Supplied records:

§

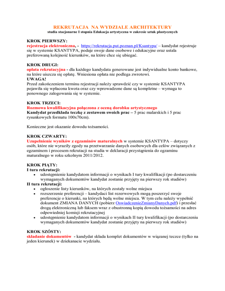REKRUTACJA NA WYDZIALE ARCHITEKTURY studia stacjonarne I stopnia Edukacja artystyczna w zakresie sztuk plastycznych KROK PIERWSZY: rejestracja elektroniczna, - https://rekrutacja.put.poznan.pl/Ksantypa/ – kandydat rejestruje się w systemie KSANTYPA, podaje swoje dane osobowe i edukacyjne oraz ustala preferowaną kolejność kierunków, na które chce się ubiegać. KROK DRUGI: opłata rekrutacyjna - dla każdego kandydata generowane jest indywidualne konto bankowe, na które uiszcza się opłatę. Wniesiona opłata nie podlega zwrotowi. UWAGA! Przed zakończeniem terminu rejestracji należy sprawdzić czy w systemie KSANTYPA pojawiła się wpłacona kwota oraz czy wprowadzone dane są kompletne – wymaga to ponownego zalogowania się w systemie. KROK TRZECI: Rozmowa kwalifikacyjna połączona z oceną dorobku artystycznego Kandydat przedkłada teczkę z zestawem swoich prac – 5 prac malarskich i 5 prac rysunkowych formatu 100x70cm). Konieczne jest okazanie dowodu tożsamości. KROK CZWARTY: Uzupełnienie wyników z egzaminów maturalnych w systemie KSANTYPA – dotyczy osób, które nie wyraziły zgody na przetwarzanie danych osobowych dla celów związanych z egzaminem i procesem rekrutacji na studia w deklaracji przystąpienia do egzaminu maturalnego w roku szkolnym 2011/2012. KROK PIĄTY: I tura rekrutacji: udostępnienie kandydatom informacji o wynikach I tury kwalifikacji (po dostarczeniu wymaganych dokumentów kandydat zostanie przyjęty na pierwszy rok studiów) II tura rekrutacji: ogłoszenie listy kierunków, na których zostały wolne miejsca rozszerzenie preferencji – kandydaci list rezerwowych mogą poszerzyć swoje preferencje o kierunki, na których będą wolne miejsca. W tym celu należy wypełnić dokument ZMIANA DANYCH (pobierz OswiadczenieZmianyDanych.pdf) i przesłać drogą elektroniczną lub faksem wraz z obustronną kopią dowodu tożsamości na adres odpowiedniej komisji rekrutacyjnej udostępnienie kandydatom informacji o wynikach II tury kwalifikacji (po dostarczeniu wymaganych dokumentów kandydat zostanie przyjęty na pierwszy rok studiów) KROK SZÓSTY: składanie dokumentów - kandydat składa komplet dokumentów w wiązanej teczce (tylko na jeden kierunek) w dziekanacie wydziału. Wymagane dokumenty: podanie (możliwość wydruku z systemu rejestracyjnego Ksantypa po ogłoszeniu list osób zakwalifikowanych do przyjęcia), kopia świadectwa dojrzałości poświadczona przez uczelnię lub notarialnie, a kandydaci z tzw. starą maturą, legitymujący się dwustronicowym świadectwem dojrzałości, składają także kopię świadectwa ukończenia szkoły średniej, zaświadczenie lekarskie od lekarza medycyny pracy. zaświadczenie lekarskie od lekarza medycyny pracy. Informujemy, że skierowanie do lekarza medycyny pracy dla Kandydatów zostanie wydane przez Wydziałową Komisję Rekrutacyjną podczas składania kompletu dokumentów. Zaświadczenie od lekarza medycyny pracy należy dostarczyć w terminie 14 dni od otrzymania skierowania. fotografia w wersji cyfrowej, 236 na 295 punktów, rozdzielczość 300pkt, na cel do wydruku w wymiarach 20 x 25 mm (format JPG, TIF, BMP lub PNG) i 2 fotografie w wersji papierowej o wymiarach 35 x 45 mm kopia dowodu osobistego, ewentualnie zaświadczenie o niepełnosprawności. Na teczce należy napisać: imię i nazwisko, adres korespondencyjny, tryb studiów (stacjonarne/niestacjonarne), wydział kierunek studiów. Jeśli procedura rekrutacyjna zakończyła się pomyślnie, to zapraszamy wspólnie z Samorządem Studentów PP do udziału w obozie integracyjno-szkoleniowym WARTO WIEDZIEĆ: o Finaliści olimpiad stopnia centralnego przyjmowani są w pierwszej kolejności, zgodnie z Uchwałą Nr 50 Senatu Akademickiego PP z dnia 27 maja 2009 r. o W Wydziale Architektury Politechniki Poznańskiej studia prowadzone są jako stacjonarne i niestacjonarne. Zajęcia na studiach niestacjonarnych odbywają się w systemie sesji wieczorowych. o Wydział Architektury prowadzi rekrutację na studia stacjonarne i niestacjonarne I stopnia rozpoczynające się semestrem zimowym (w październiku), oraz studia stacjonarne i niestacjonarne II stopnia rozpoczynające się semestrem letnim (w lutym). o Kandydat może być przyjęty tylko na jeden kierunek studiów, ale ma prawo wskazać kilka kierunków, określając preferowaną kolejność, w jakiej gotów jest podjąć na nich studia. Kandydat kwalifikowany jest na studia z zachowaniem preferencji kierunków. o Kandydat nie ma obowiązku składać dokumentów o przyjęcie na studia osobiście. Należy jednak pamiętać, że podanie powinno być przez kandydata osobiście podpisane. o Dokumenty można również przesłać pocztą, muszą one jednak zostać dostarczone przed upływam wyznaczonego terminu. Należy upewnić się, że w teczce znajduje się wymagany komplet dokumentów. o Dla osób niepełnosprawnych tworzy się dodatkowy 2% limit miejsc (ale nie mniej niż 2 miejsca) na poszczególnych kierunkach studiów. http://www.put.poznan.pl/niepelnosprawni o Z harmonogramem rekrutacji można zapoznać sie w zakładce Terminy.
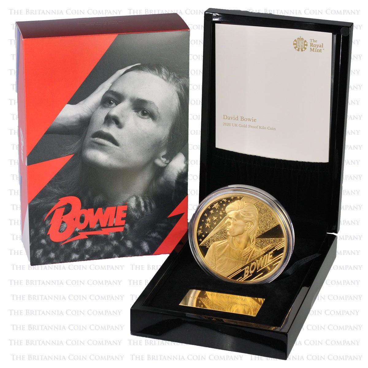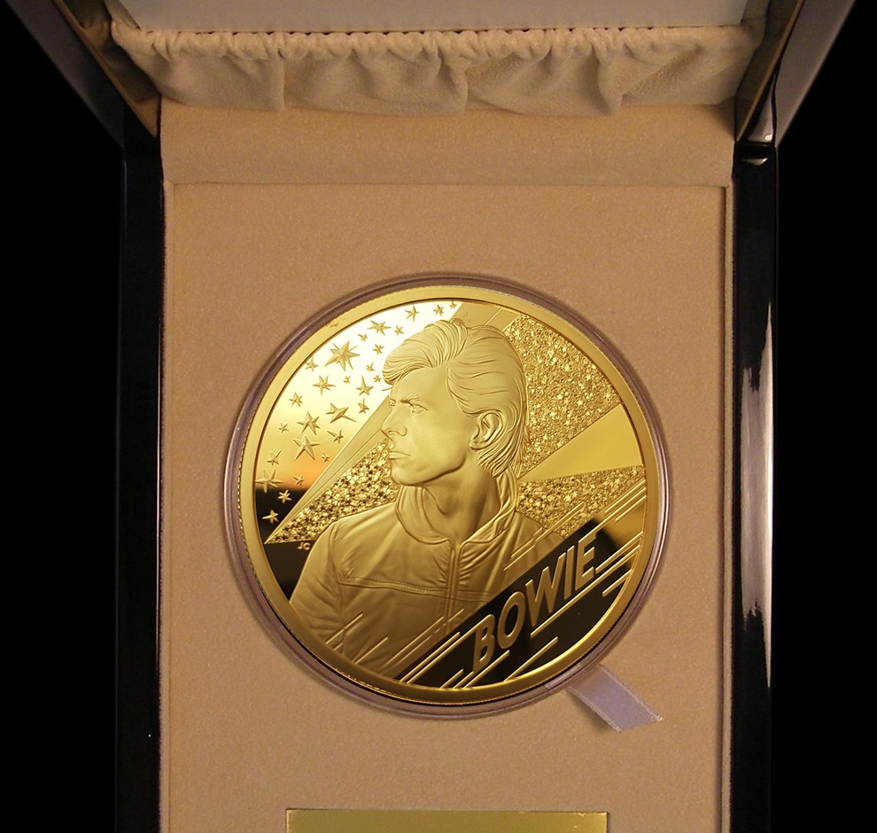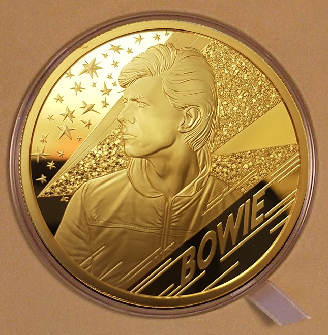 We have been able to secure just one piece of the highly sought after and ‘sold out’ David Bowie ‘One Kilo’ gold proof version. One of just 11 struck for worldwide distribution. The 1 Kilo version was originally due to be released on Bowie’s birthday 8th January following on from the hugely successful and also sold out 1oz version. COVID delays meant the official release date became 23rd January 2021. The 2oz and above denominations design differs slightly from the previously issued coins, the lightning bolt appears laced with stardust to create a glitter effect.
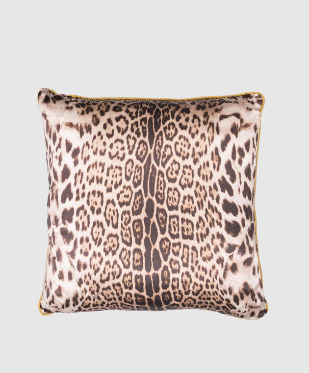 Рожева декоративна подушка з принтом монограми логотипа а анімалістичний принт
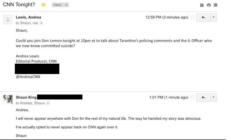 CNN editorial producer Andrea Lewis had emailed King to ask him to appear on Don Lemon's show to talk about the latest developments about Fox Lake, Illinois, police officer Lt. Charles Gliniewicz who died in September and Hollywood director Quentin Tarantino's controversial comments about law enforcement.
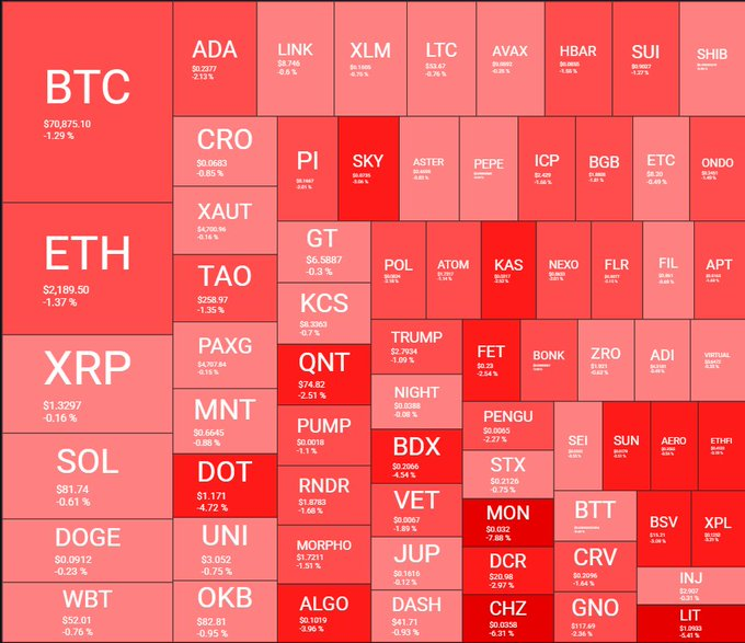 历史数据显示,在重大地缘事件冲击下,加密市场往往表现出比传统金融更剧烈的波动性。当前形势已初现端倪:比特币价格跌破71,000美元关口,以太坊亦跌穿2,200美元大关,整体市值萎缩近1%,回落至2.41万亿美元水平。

§

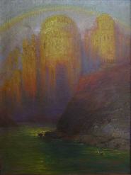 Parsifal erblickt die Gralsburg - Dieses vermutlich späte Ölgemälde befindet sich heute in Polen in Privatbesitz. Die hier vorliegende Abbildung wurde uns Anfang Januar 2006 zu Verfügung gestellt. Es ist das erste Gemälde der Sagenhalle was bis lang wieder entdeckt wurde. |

§

Problem requirements: Within the entries above, the lines from the one containing "Рожева декоративна подушка" through the one containing "历史数据显示,在重大地缘事件" are to be transcribed exactly, ends included, pictures excluded.

Answer to this task:
 Рожева декоративна подушка з принтом монограми логотипа а анімалістичний принт
 CNN editorial producer Andrea Lewis had emailed King to ask him to appear on Don Lemon's show to talk about the latest developments about Fox Lake, Illinois, police officer Lt. Charles Gliniewicz who died in September and Hollywood director Quentin Tarantino's controversial comments about law enforcement.
 历史数据显示,在重大地缘事件冲击下,加密市场往往表现出比传统金融更剧烈的波动性。当前形势已初现端倪:比特币价格跌破71,000美元关口,以太坊亦跌穿2,200美元大关,整体市值萎缩近1%,回落至2.41万亿美元水平。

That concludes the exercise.